The Wall Street Journal reported late Thursday that the GOP package includes changes that "House lawmakers passed earlier this year in a broader bill that orders construction to resume on the Trump administration's border wall." That bill was dead on arrival in the Senate.
"The border measures, which have broad backing in the conference, would also make it harder for people to remain in the U.S. under the protection of asylum rules," the Journal noted.
House Republicans' latest effort to move ahead with a short-term funding package will come after they passed several appropriations bills Thursday night, including measures to fund the Pentagon and State Department.
But the House voted down the GOP-authored agriculture appropriations bill, which included steep cuts to food aid for low-income families and a rollback of abortion pill access.
Rep.

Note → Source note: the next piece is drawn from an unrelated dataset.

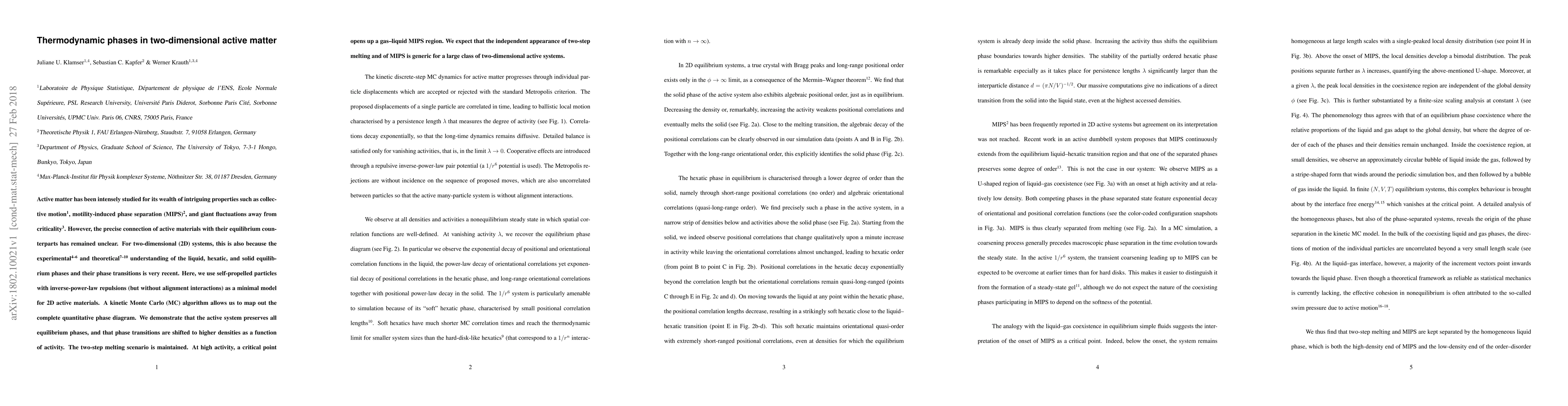 Researchers mapped out the phase diagram of 2D active matter, finding that it preserves three equilibrium phases and exhibits shifted phase transitions with increased activity. This work provides new insights into the behavior of active systems, potentially applicable to a wide range of two-dimensional active materials.

Rosa DeLauro (D-Conn.), the top Democrat on the House Appropriations Committee, said in a statement that lawmakers "should have spent this week working together to prevent the government from shutting down."
"Instead, we spent it watching House Republicans in chaos, loading up their 2024 funding bills with deeper cuts and dangerous policies that harm the economy and raise the cost of living for American families," said DeLauro. "Another day of Republican dysfunction, two days until they shut the government down."